Does fractionation in radiotherapy of head and neck cancer reach a summit or is there still a room for novel therapeutic strategies?

Abstract

The aim of this paper is to answer to the question whether various dose fractionation regimens are highly effective up to the summit of normal tissue tolerance. Data from 45 trials on altered fractionation, radio-response of the HPV(+) oropharyngeal cancer (OPC) and concurrent chemoradiation (11 533 data) have been selected from the published papers and re-analysed. Altered fractionation regimens showed an average therapeutic gain (TG) of local tumour control (LTC) of about 2.7% per each 1 izoGy2.0 above 65 Gy. For HPV(+) OPC, TG increased by 3–3.5%/1izoGy2.0. Concurrent chemoradiation for locally advanced H&N cancer produced about 60% LTC using 65 Gy (about 20% more than altered RT). Despite randomization, data sets in the trials remain clinically and biologically heterogeneous. It is not possible to separate the TG rate as the result of change in dose per fraction from that caused by changing the overall treatment time. This is major weakness of the trials. Moreover, the results are presented as an average value of the LTC or survival. The overstepped tolerance summit is very rarely precisely presented.
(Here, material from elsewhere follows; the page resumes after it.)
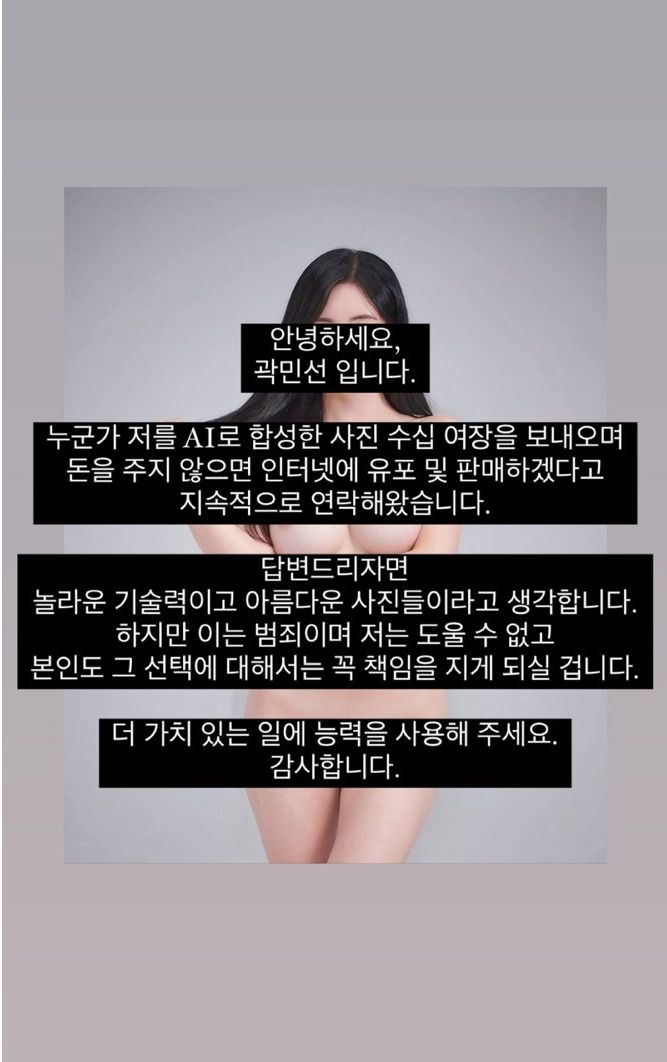 21일 곽민선 아나운서는 자신의 인스타그램 스토리에 사진 한 장과 함께 글을 올렸다. 곽민선 아나운서는 "누군가 저를 AI로 합성한 사진 수십 여장을 보내오며 돈을 주지 않으면 인터넷에 유포 및 판매하겠다고 지속적으로 연락해 왔다"라고 밝혔다.

It likely seems that the tolerance summit is not a single value and is only partly related to dose fractionation intensity, it mainly depends on radiosensitivity and the irradiation volume of normal tissue(s) and their potential repair capacity, and an activation of immunological defense. Finally, it is difficult to accept average trial’ results as evidence based guidelines for personalized radiotherapy for individual patients; what is more the individual tolerance summit is not universal and well quantified.